- Source data:
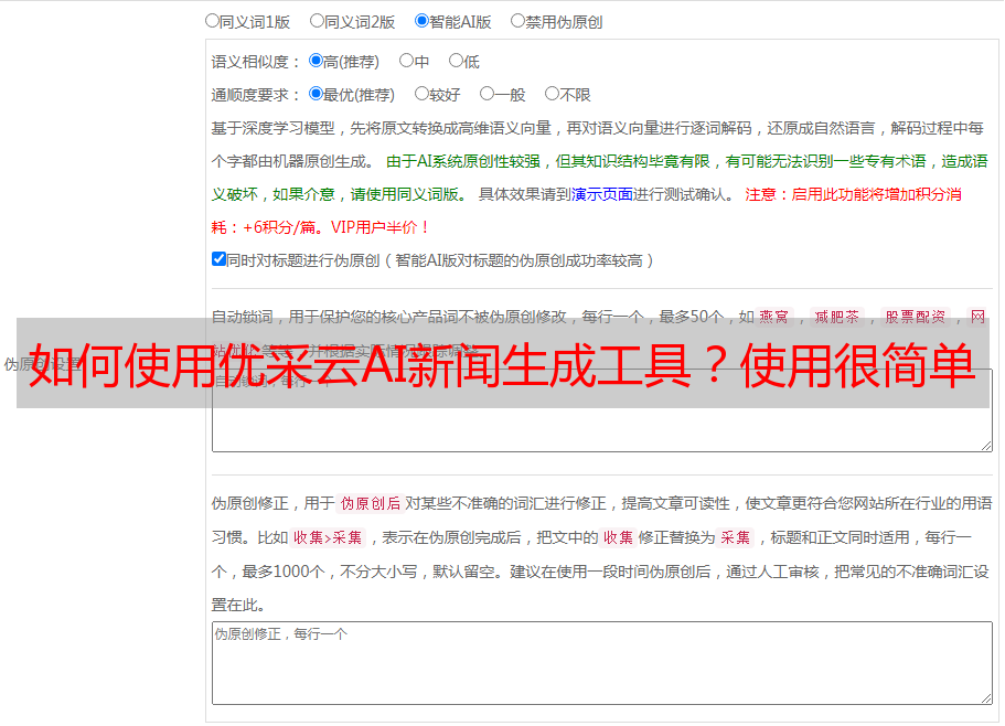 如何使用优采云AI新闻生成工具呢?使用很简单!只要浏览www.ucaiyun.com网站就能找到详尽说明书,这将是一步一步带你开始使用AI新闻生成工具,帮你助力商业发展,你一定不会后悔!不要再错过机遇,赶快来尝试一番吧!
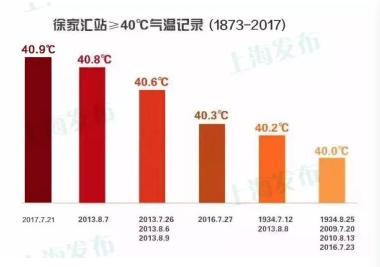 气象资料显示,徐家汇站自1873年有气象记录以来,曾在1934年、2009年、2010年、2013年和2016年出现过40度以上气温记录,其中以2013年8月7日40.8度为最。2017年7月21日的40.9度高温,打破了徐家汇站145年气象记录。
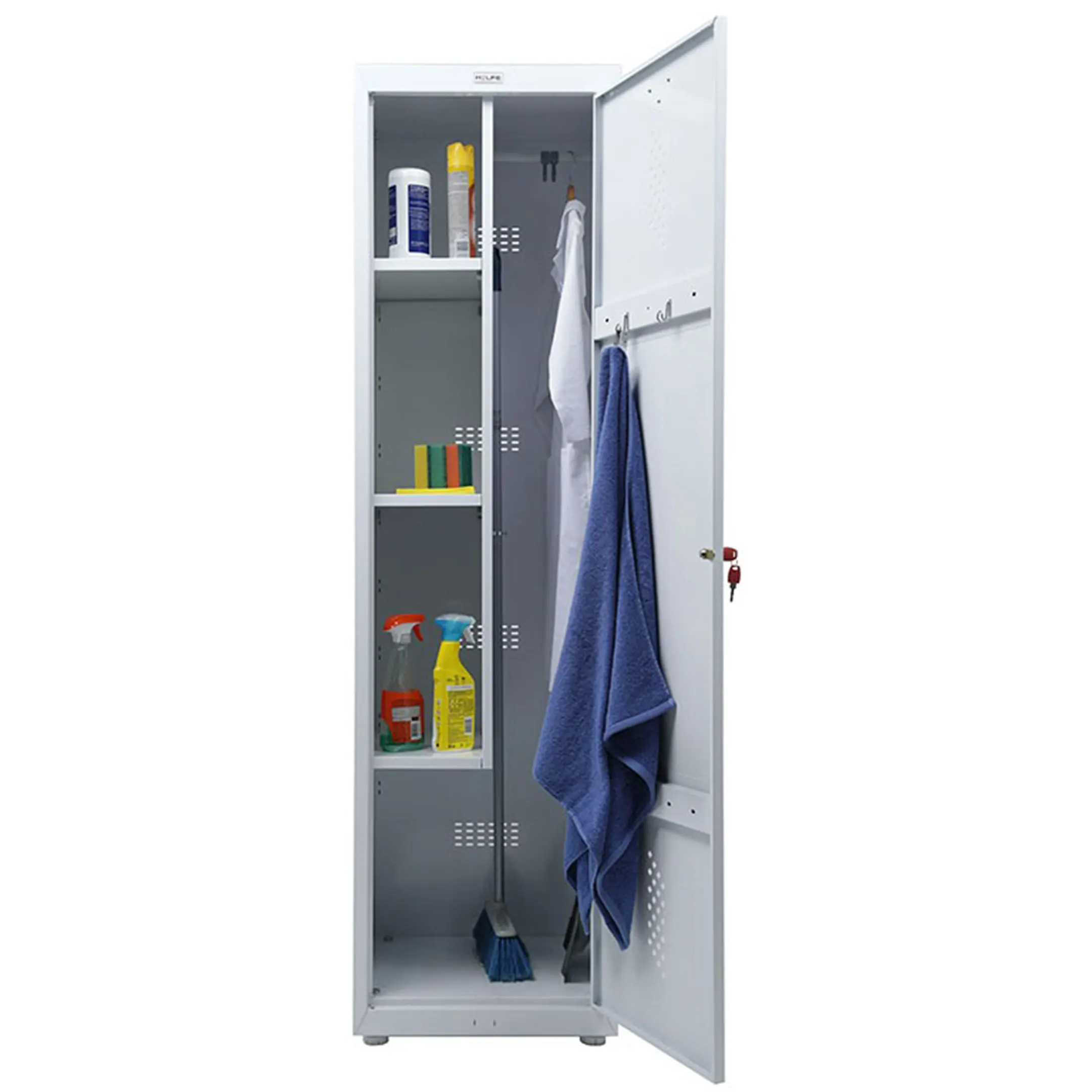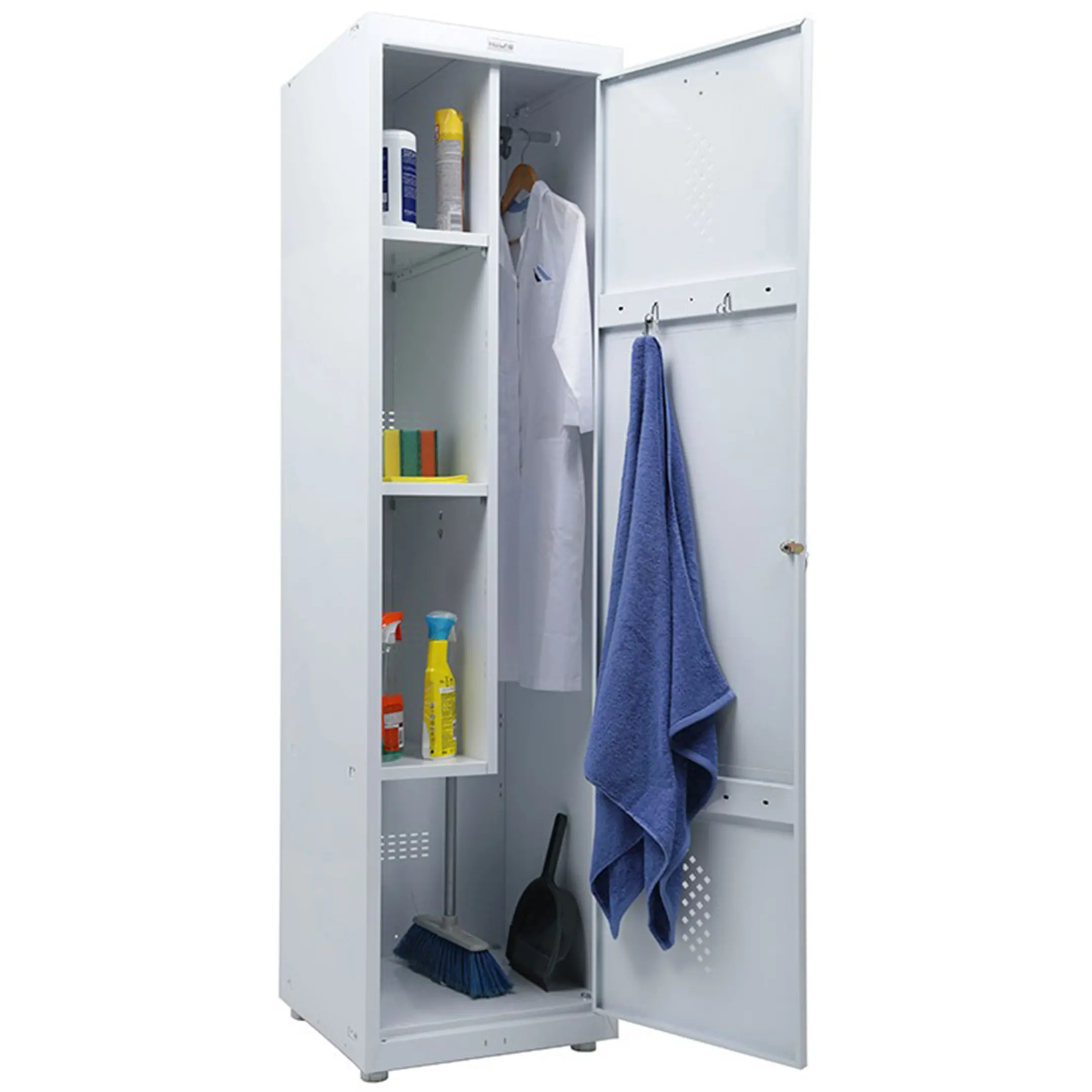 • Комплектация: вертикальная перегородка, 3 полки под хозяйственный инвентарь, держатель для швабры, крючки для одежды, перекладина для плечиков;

- What needs to be done:
Give the complete material again, exactly as written. Do not include the pictures.

- Your solution:
 如何使用优采云AI新闻生成工具呢?使用很简单!只要浏览www.ucaiyun.com网站就能找到详尽说明书,这将是一步一步带你开始使用AI新闻生成工具,帮你助力商业发展,你一定不会后悔!不要再错过机遇,赶快来尝试一番吧!
 气象资料显示,徐家汇站自1873年有气象记录以来,曾在1934年、2009年、2010年、2013年和2016年出现过40度以上气温记录,其中以2013年8月7日40.8度为最。2017年7月21日的40.9度高温,打破了徐家汇站145年气象记录。
 • Комплектация: вертикальная перегородка, 3 полки под хозяйственный инвентарь, держатель для швабры, крючки для одежды, перекладина для плечиков;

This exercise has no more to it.